Я не спорила, и правда не было сил. Поэтому, мы проспали в машине до самой темноты, лечь снаружи было невозможно, всё вокруг было пропитано водой, рядом болото, и земля была даже не сырой, а мокрой, поэтому мы откинули сиденья и легли, как пришлось, хотя и было ужасно неудобно. От слабости заснули сразу, и проснулись только на закате. Точнее, это я так проснулась, оттого, что стало холодно, оказалось, что открыта дверь, это Марат вышел и сейчас возвращался из-за деревьев. Я тоже выбралась из машины.
Небо сменило цвет, начало розоветь с запада, облака на синеватом фоне небосклона казались голубыми, с отсветами, серебрились с одной стороны, а потом начали золотиться, чтобы через несколько минут покрыться розовым румянцем с одной стороны. Здесь, между высоких стволов было уже совсем сумрачно, а небо ещё даже не стало вечерним, оно только начало наряжаться в вечернее платье.
– Ты как? – спросил Марат, подойдя.
– Да я-то отлично, – ответила я. – Как ты?

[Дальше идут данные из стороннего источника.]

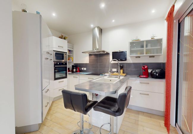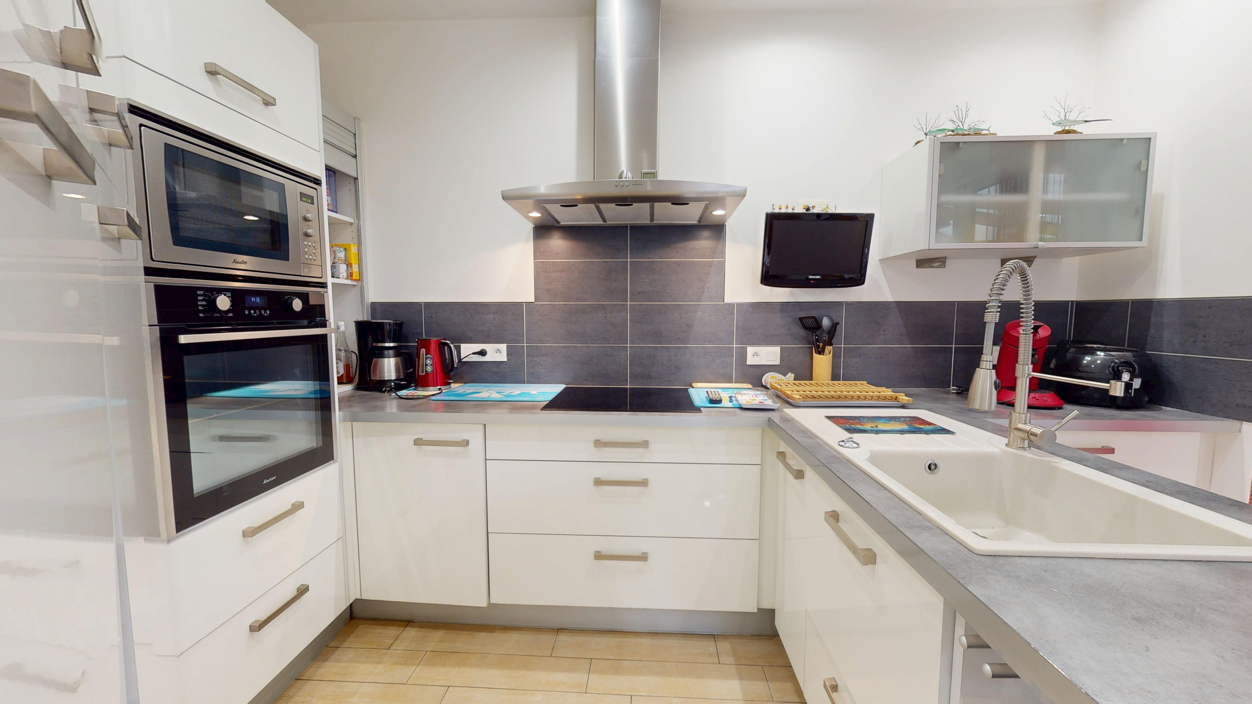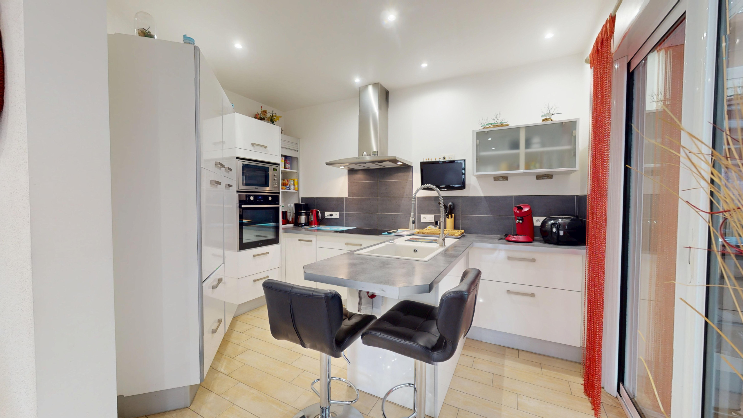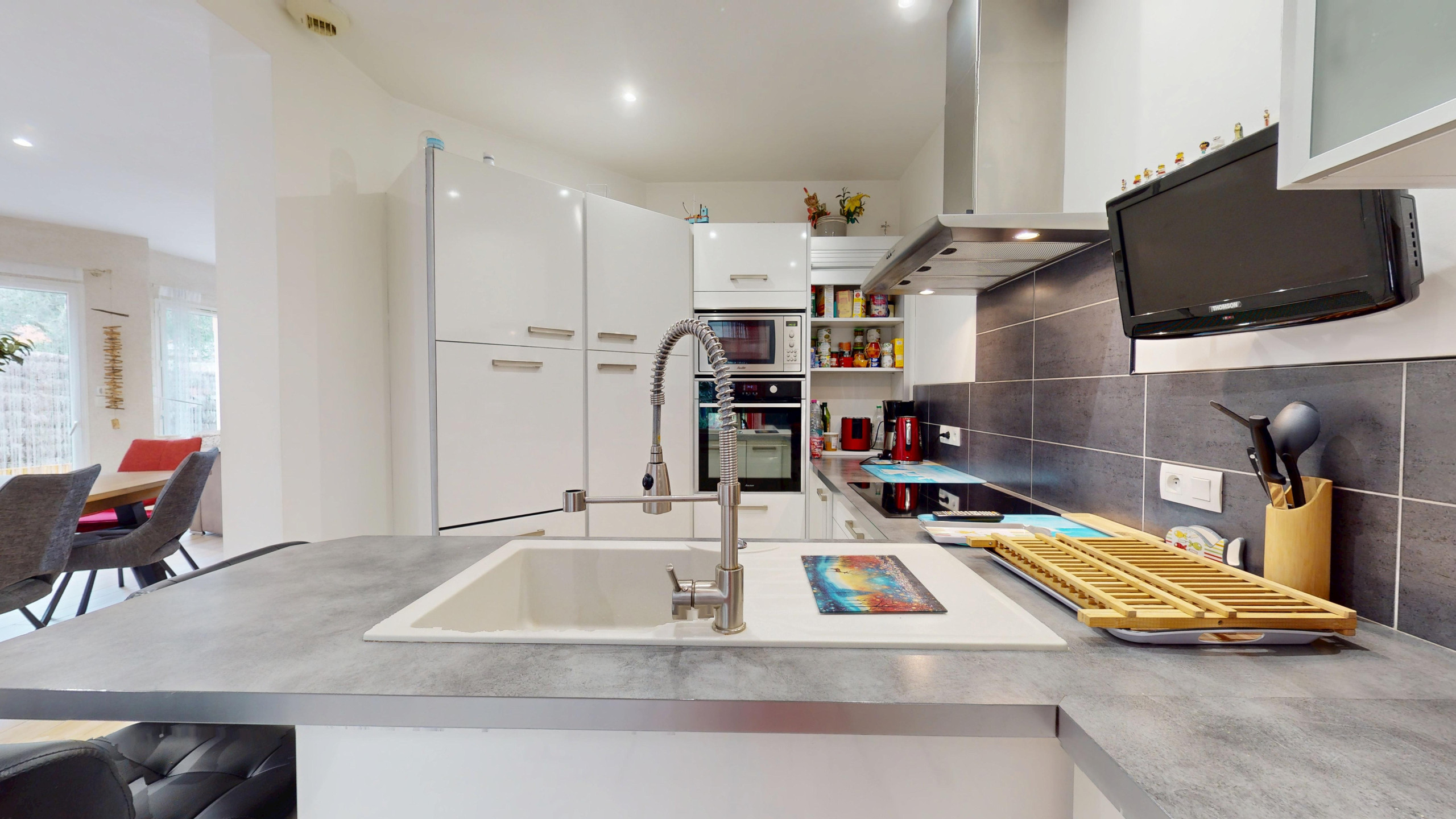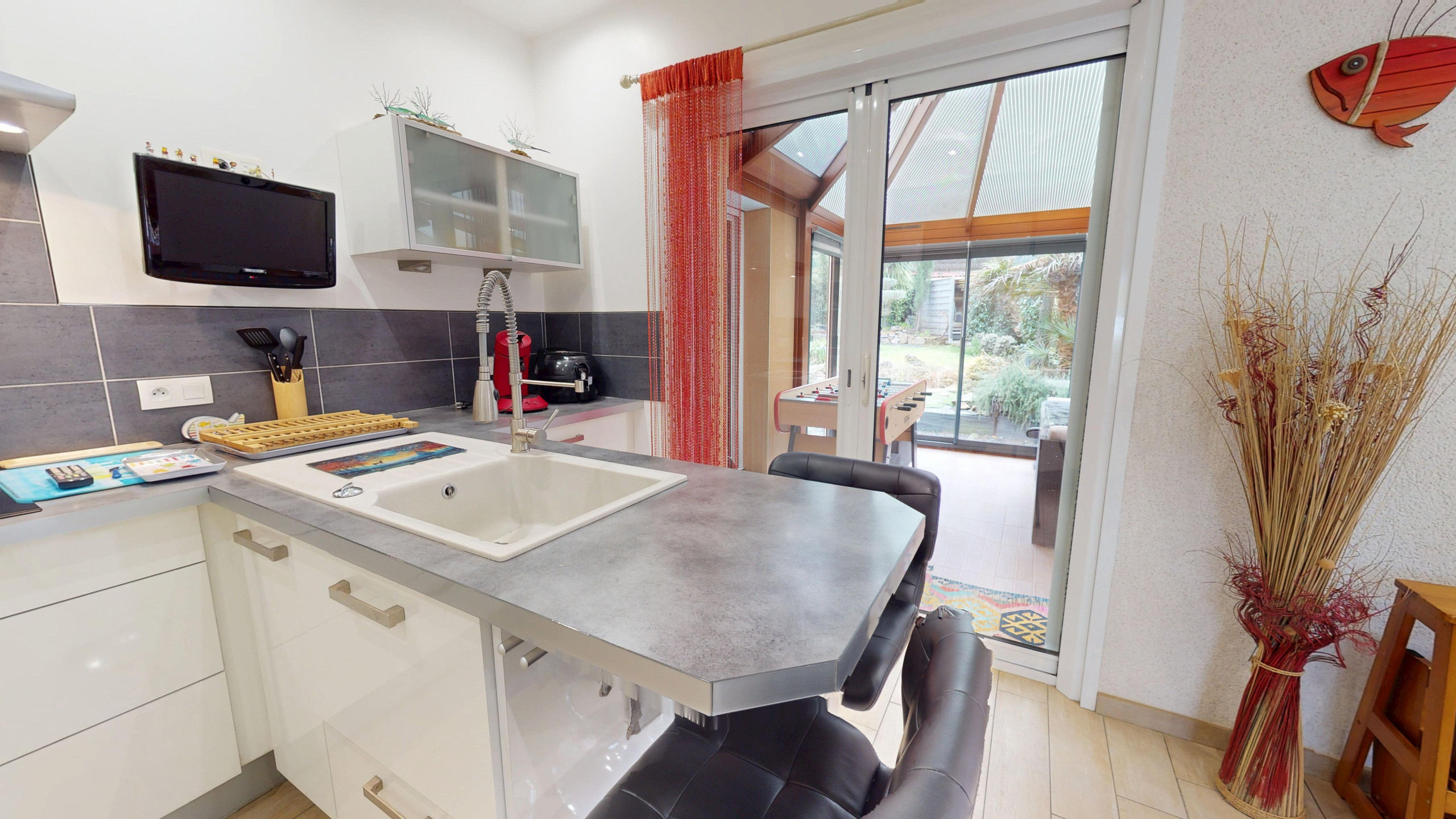 La cuisine aménagée et entièrement équipée (réfrigérateur, congélateur, plaques à induction, hotte et équipements nécessaires au quotidien) dispose également de sa télévision, offrant un vrai confort lors des repas en famille ou entre amis.

И почувствовала, как сильно толкается малыш у меня в животе, невольно я прижала ладонь к его брыкающимся пяточкам.
– Толкается? – спросил Марат, улыбаясь. – Можно?
Я посмотрела на него, сомневаясь в течение нескольких мгновений, не хотелось, чтобы он воспринимал это как аванс, но обижать его недоверием, тоже не хотелось, поэтому я кивнула. Он подошёл близко и приложил большие смуглые руки к моему животу, тут же показавшемуся от этого ещё больше, его лицо просияло.
– Вот это да… здорово! – он повернул ладонь, ловя другие толчки.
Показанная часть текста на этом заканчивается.